About this exercise | In the records below, repeat exactly the lines between the line holding "Oak finish early" and the line holding "حذاء نسائي عتيق", inclusive, and drop the pictures.

Working data |

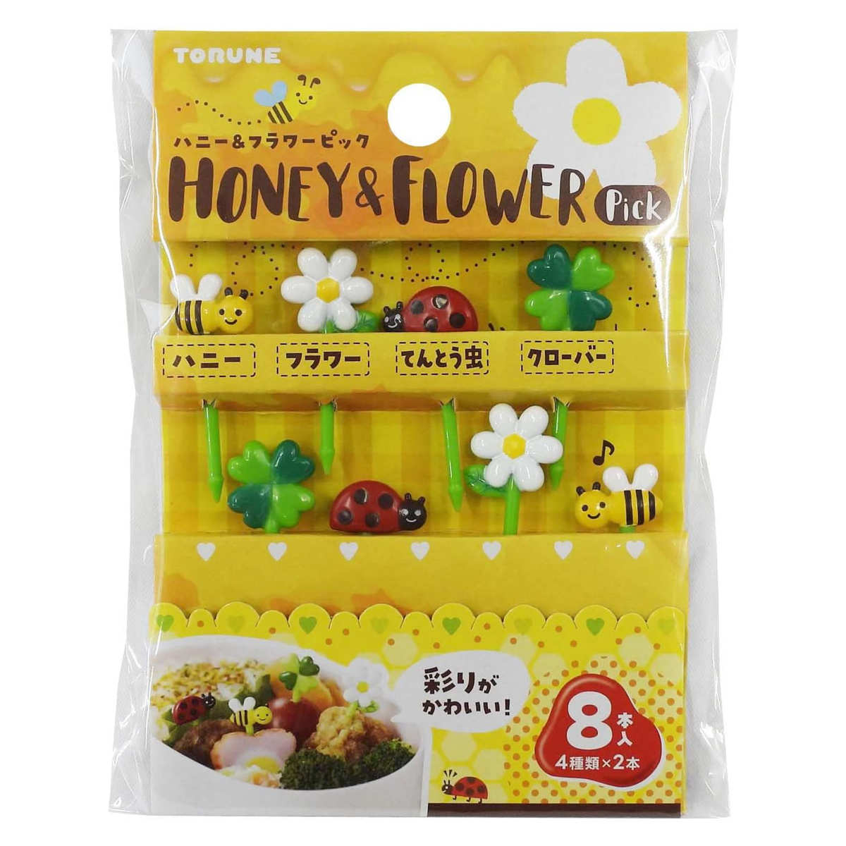 ピック ハニー&フラワーピック 8本入 ( おかずピック お弁当ピック ピックス 弁当 子供お弁当用 子供用 キッズ キャラ弁 お弁当グッズ パーティー 運動会 お弁当 お弁当用 幼稚園 保育園 デコ弁 )
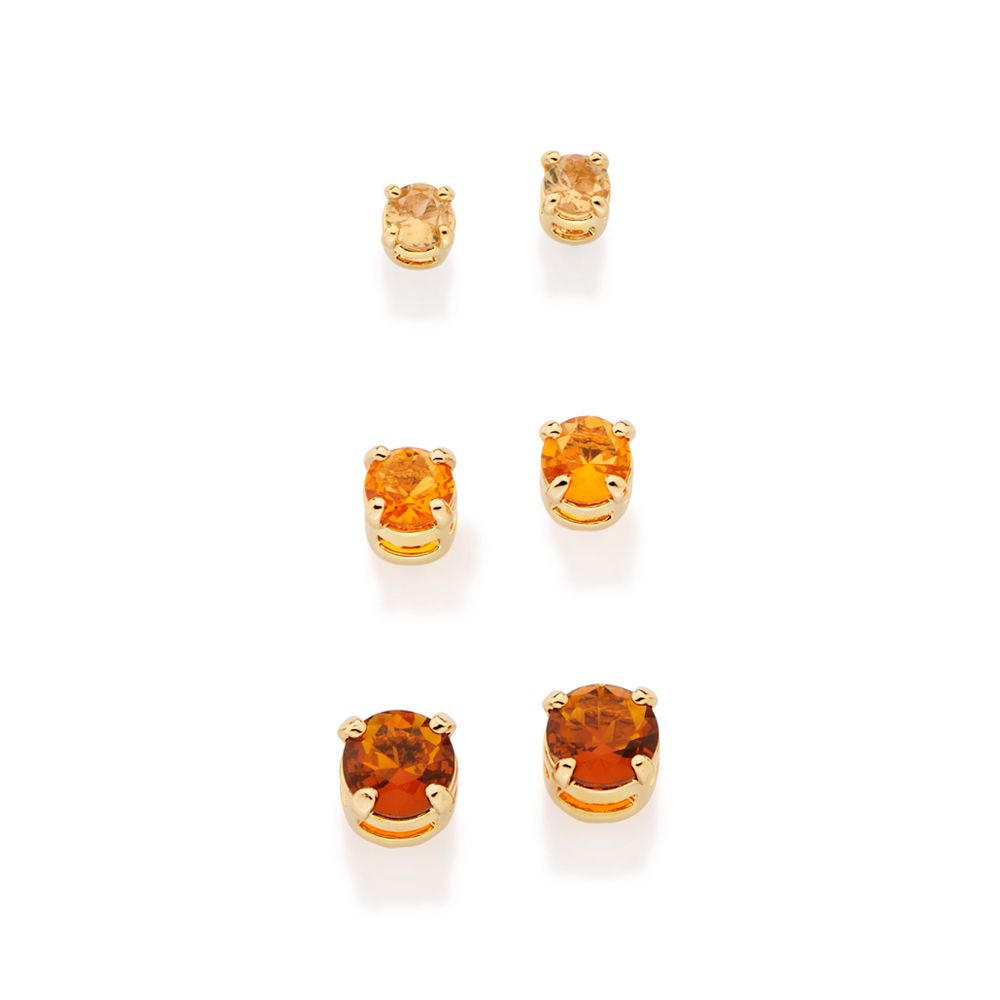 Kit Brinco Formado Por Um Par Com 2 Cristais De 5,00 Mm , Um Par Com 2 Cristais De 4,00 Mm E Um Par Com 2 Cristais De 3
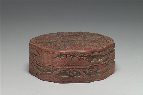 似木胎,盒作六瓣形。口壁垂直,矮壁,平底。漆為紅、綠、椶三色。蓋面雕竹林七賢圖。竹林中二人席地展卷,右下方二人於石案對奕,側有一人聚神立觀;左下方橋上行人一,後有一童負物相隨。襯以松石流雲、小橋溪流、山花芳草。並飾回紋、水波、萬字朵花等錦地。蓋、器周壁均雕人物、山水橋樹、流雲等物事,並飾水波、朵花、古錢等錦地。盒底及器裏均漆黑光。
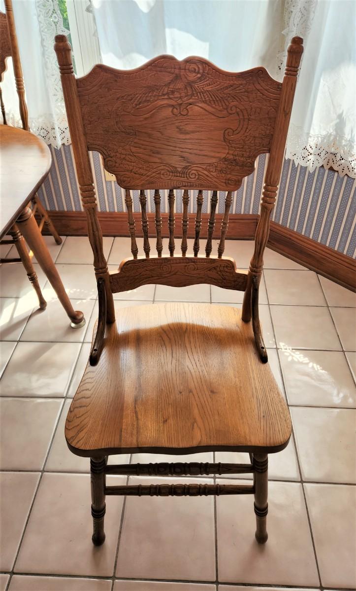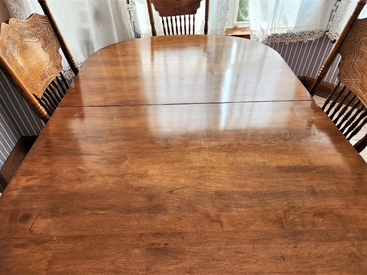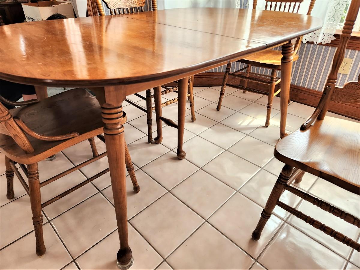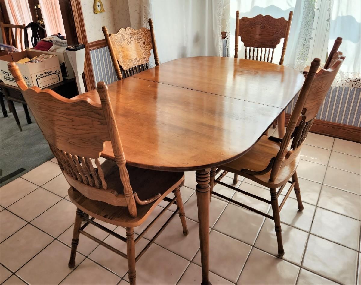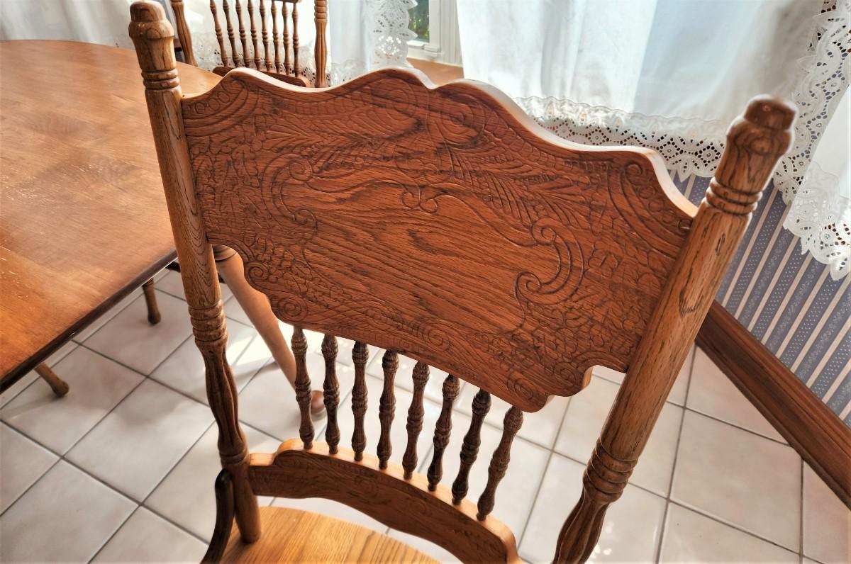 Oak finish early American style dining room table with 4 chairs/2 leaves. Chairs are marked "Woodcraft - New Orleans". Used condition. Without leaves, table is 42" across, 62.5" long, 29.5" tall. Chairs are 43" tall at the back and 19" wide. Each leaf adds an additional 12" to the length of the table.
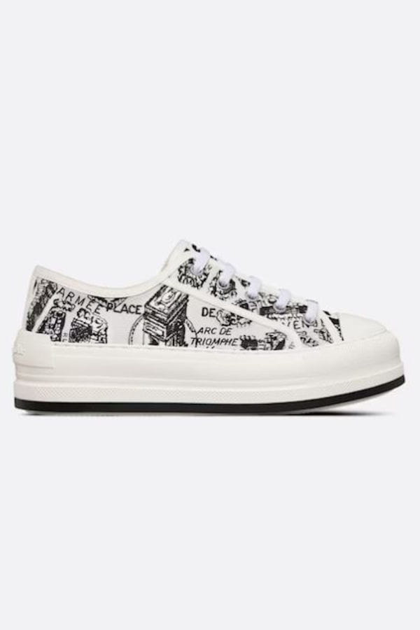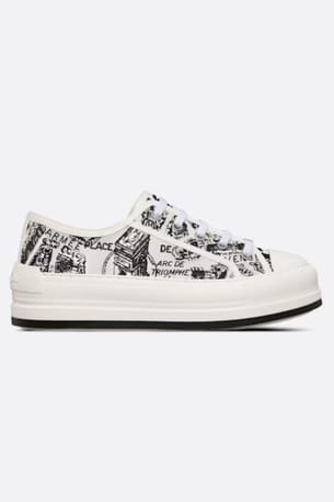 Baskets à plateformes en coton brodé motif plan de Paris blanc et noir "Walk'n'Dior" de Dior
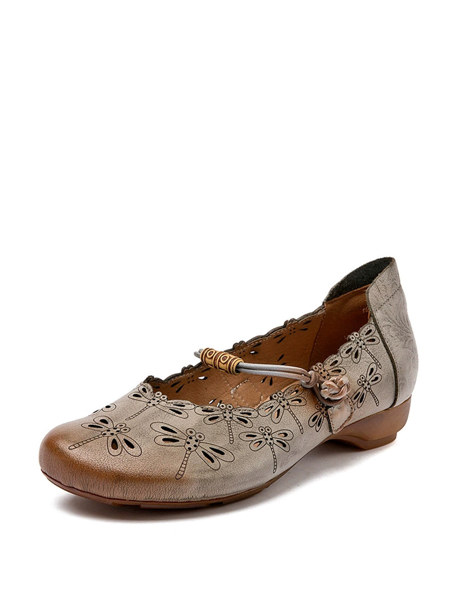 حذاء نسائي عتيق من الجلد الطبيعي بنقشة اليعسوب
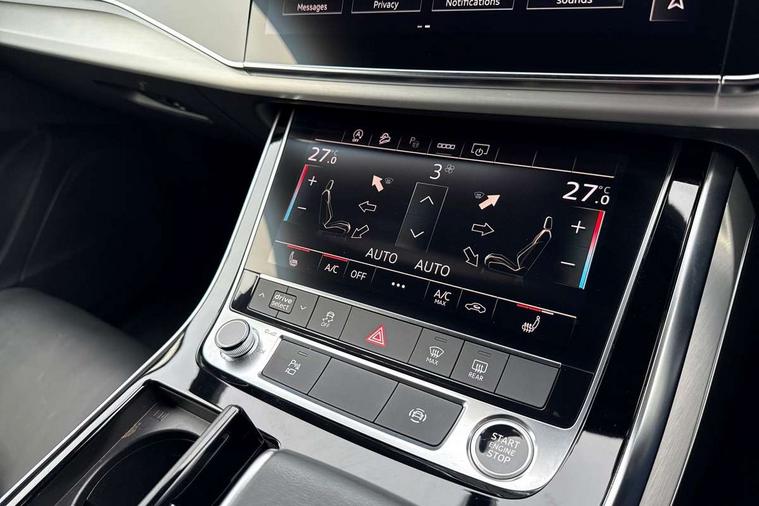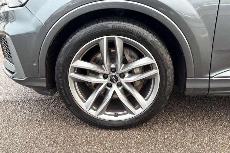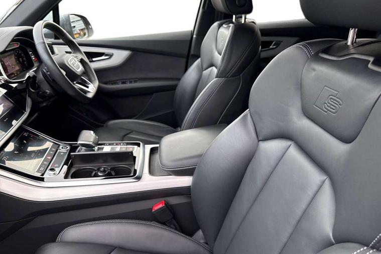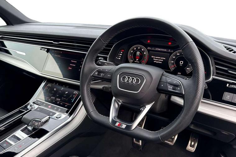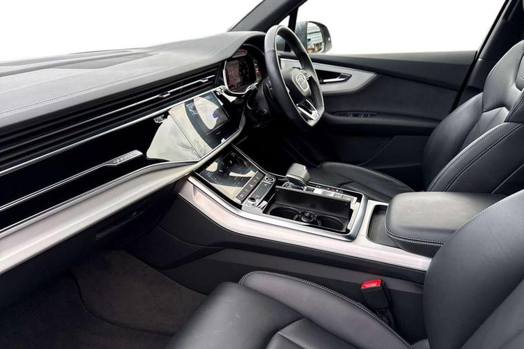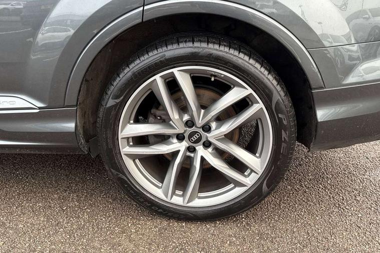 Audi connect safety and service (e-call), Audi connect with Amazon Alexa Integration, Audi drive select (Auto, Comfort, Dynamic, Efficiency, Individual, Off-road and All road), Bluetooth interface, Camera based traffic sign recognition, Electromechanical steering, MMI navigation plus with MMI touch screens includes 10.1" and 8.6" screens with haptic feedback, Natural voice recognition, Parking system plus with 360 degree display (front, rear and side sensors) - acoustic and visual park assist system, Power operated tailgate, Rear view camera, Smartphone interface includes wireless Apple carplay/Android Auto, Start/stop system, 48V Mild hybrid technology, 85 litre fuel tank, Adaptive air suspension, Quattro all wheel drive with self locking centre differential, Audi music interface - front 2 USB-C ports with charger and data functions, Audi sound system with 6 channel amplifier, 180 watt amplifying capacity and 10 loudspeakers including subwoofer, DAB digital radio module, 3rd brake light, Aluminium roof rails, Aluminium window trim, Audi matrix LED headlights with dynamic front and rear indicators, Auto dimming frameless rear view mirror, Body coloured door mirrors, Electrically adj heated/folding + automatically dimming exterior mirrors with memory + automatic kerb side function for passenger side exterior mirror, Heat insulating glass in windshield, Integrated LED indications in door mirrors, LED daytime running lights, LED rear tail lights, Privacy glass - dark tinted rear and rear side windows from B-pillar backwards, Rear side wing doors, Rear wiper, S Line badge on wings, S line bumpers in full body colour paint finish, S line roof spoiler, S line styling side ventilation grilles and side skirts, 2 seat bench in 3rd row, 2 zone automatic climate control, 3 seat bench in 2nd row, 7 seat layout with ISOFIX points for the front passenger seat and rear passenger seat, Black cloth headlining, Comfort front centre armrest, Electric adjustable front seat with 4 way lumbar support, driver memory functionality, Folding rear seats, Front head restraints, Front/rear floor mats, Heated front seats, Illuminated door sill trims with S logo, LED interior ambient lighting, Luggage compartment cover, Luggage compartment sill protection in stainless steel, Rear head restraints, Single front passenger seat, Stainless steel pedals, Sunvisors with illuminated vanity mirrors, 3 point seatbelts on all rear seats, Audi pre sense front, Child locks on rear doors, Driver and front passenger, front side and curtain airbags, Electromechanical parking brake, Electronic Stabilisation Control (ESC) including ABS, ASR and EDL, Extended pedestrian protection measures, Hill hold assist, Seatbelt monitoring, Tyre pressure loss indicator, Warning triangle and first aid kit, Anti theft alarm, Anti-theft wheel bolts and wheel loosening detection, Keyless Go, Remote central locking, Darkened matt brushed aluminium inlays, Tool kit, Tyre repair kit,

Finished task |
 Oak finish early American style dining room table with 4 chairs/2 leaves. Chairs are marked "Woodcraft - New Orleans". Used condition. Without leaves, table is 42" across, 62.5" long, 29.5" tall. Chairs are 43" tall at the back and 19" wide. Each leaf adds an additional 12" to the length of the table.
 Baskets à plateformes en coton brodé motif plan de Paris blanc et noir "Walk'n'Dior" de Dior
 حذاء نسائي عتيق من الجلد الطبيعي بنقشة اليعسوب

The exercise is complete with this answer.